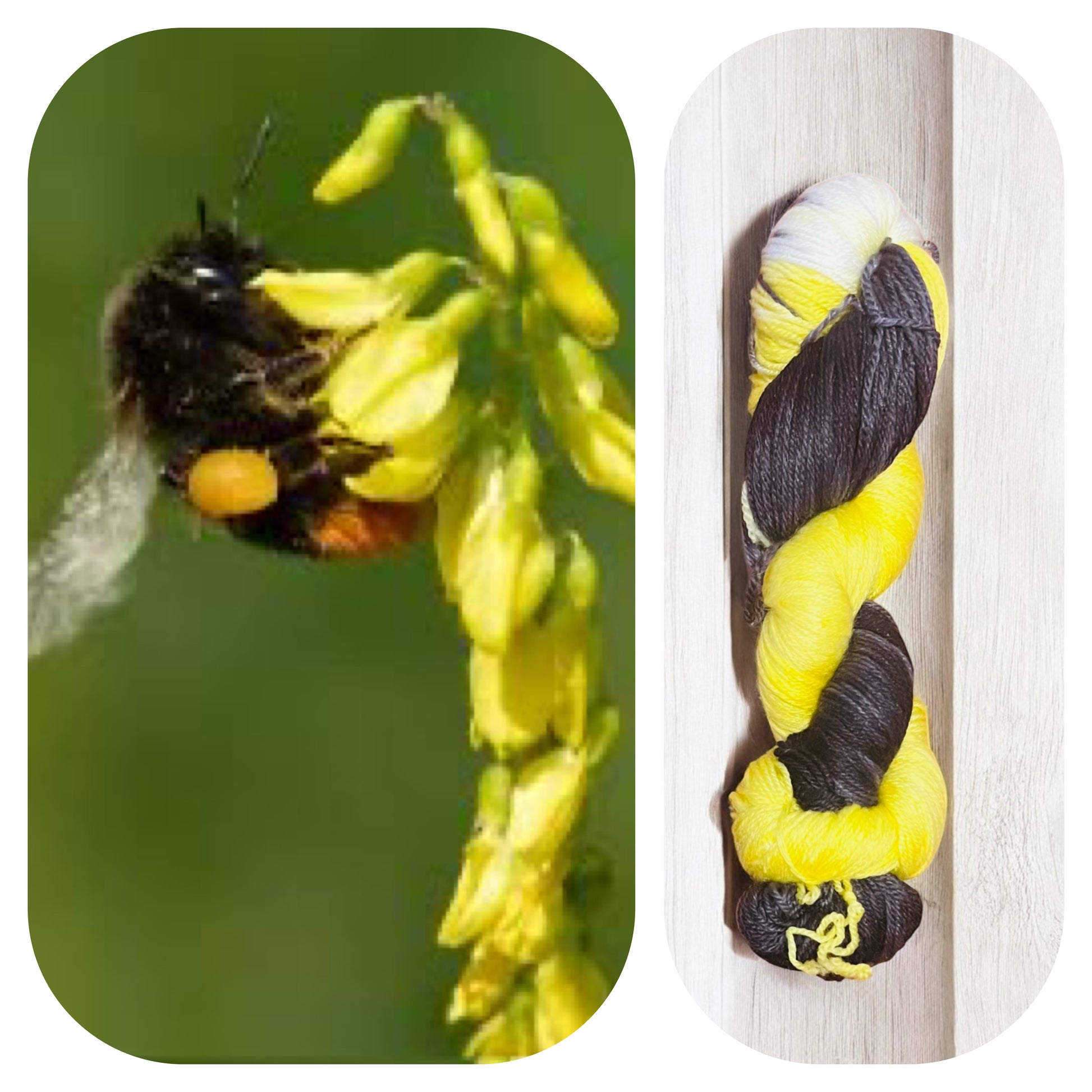 Bumblebee is a blend of yellow & black with this colour combination inspired by the sweet little bumblebees that visit our garden in Tasmania, each skein is hand dyed in my studio on our small farm in Bagdad, Tasmania.
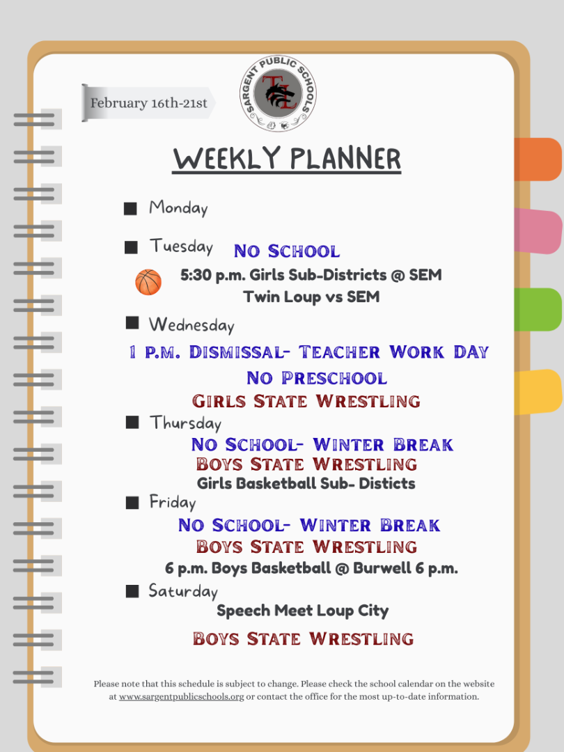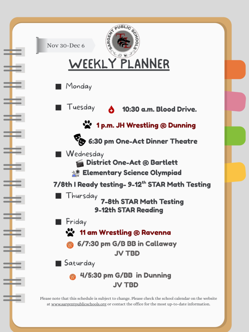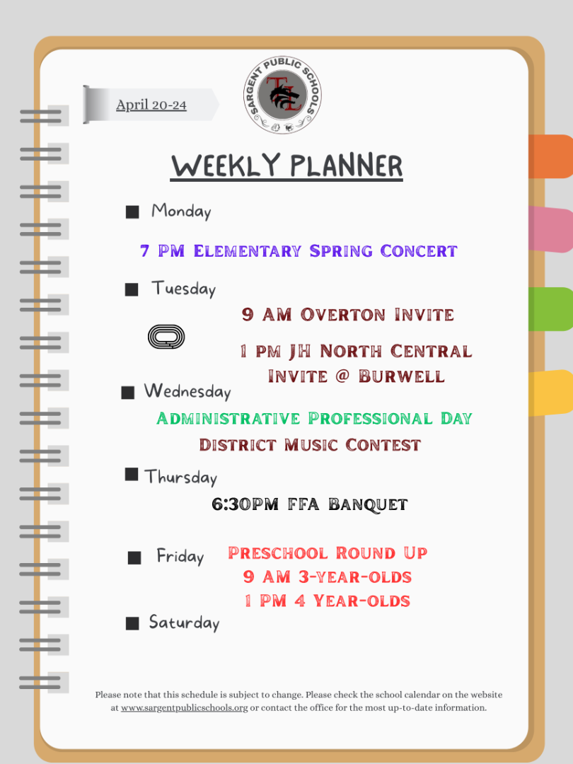 Sargent School Events This Week
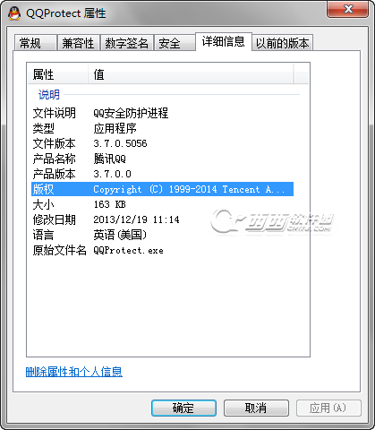 不过在西西上次截图中可以看到QQProtect.exe,版本号是3.7.0.5056,这是最新QQ5.0中的QQProtect.exe.我们从桌面快捷方式
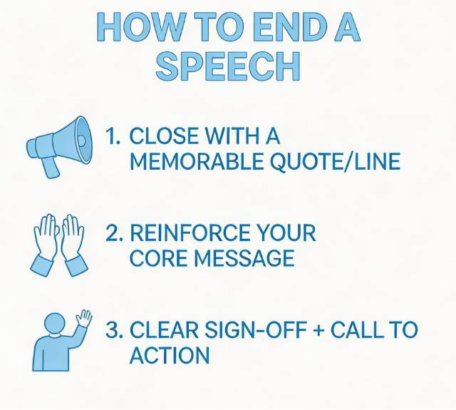 The most effective endings feel intentional, confident, and aligned with the tone of the speech. When you plan your closing as carefully as your opening, you ensure your speech doesn’t simply end but lands.
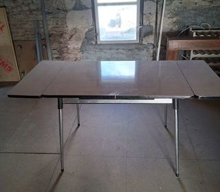 table de cuisne en formica blanc pied acier chromé avec 2 rallonge etirable
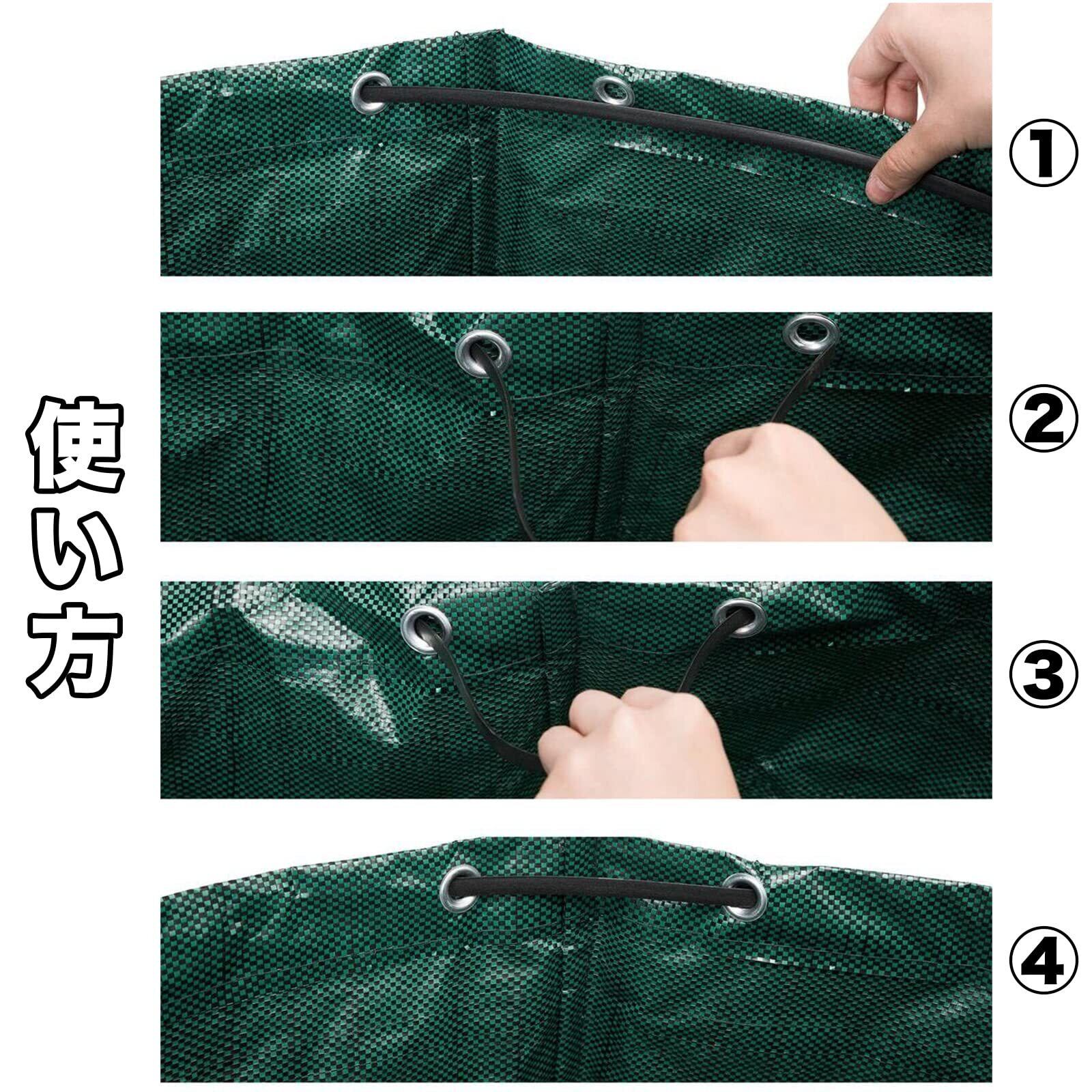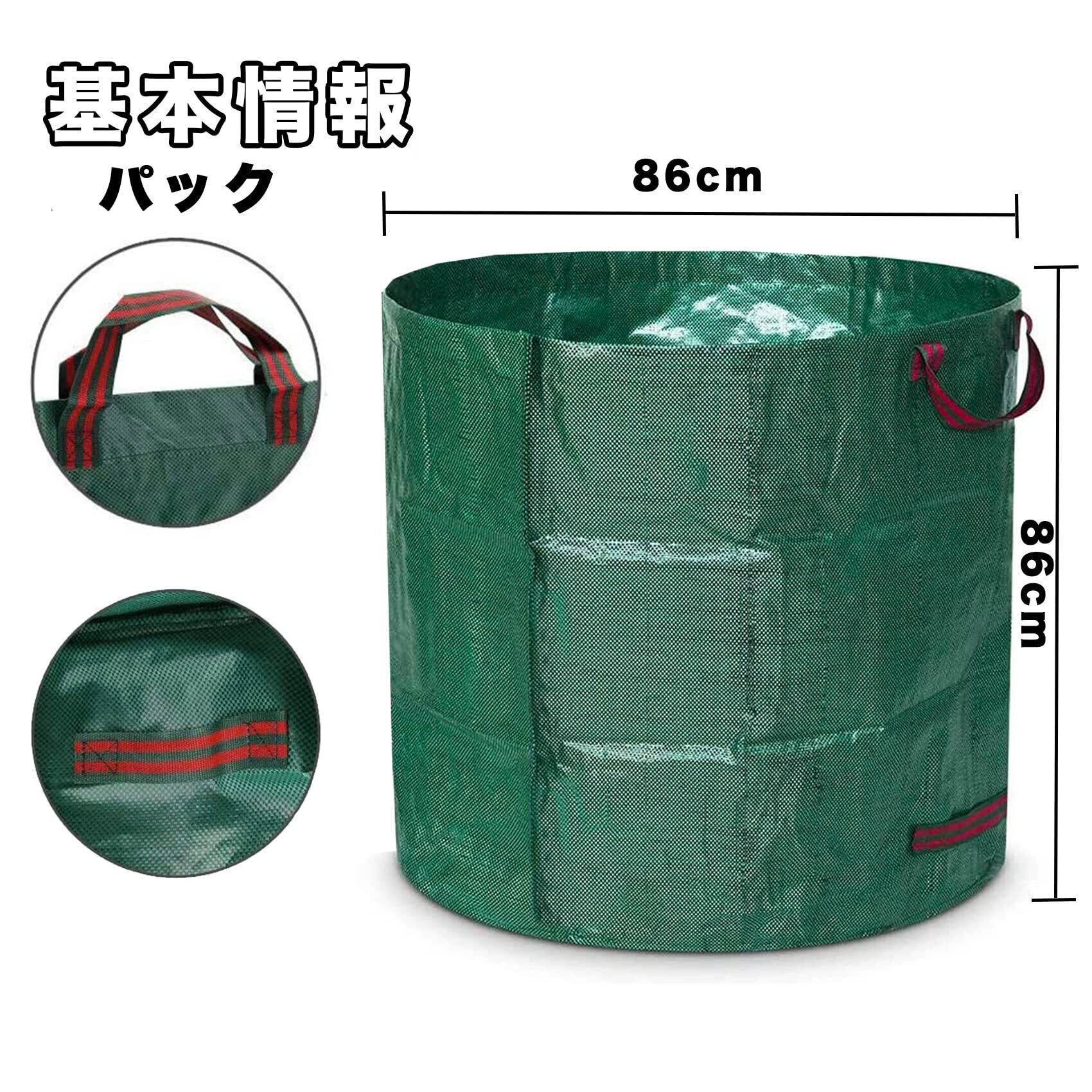 【基本情報】ガーデンバッグのセット - 最大容量(各袋)の500L - 高さ86cm直径86cm - バッグあたり100kgの最大重量。 安定性を高め、袋を開いた状態に保つための柔軟なフープを含めることで、塗りつぶしやすく、空きやすい。素材:ポリプロピレン 色:緑。
--------
Pictures are to be omitted; set down the rest of the entries exactly as given.

 Bumblebee is a blend of yellow & black with this colour combination inspired by the sweet little bumblebees that visit our garden in Tasmania, each skein is hand dyed in my studio on our small farm in Bagdad, Tasmania.
 Sargent School Events This Week
 不过在西西上次截图中可以看到QQProtect.exe,版本号是3.7.0.5056,这是最新QQ5.0中的QQProtect.exe.我们从桌面快捷方式
 The most effective endings feel intentional, confident, and aligned with the tone of the speech. When you plan your closing as carefully as your opening, you ensure your speech doesn’t simply end but lands.
 table de cuisne en formica blanc pied acier chromé avec 2 rallonge etirable
 【基本情報】ガーデンバッグのセット - 最大容量(各袋)の500L - 高さ86cm直径86cm - バッグあたり100kgの最大重量。 安定性を高め、袋を開いた状態に保つための柔軟なフープを含めることで、塗りつぶしやすく、空きやすい。素材:ポリプロピレン 色:緑。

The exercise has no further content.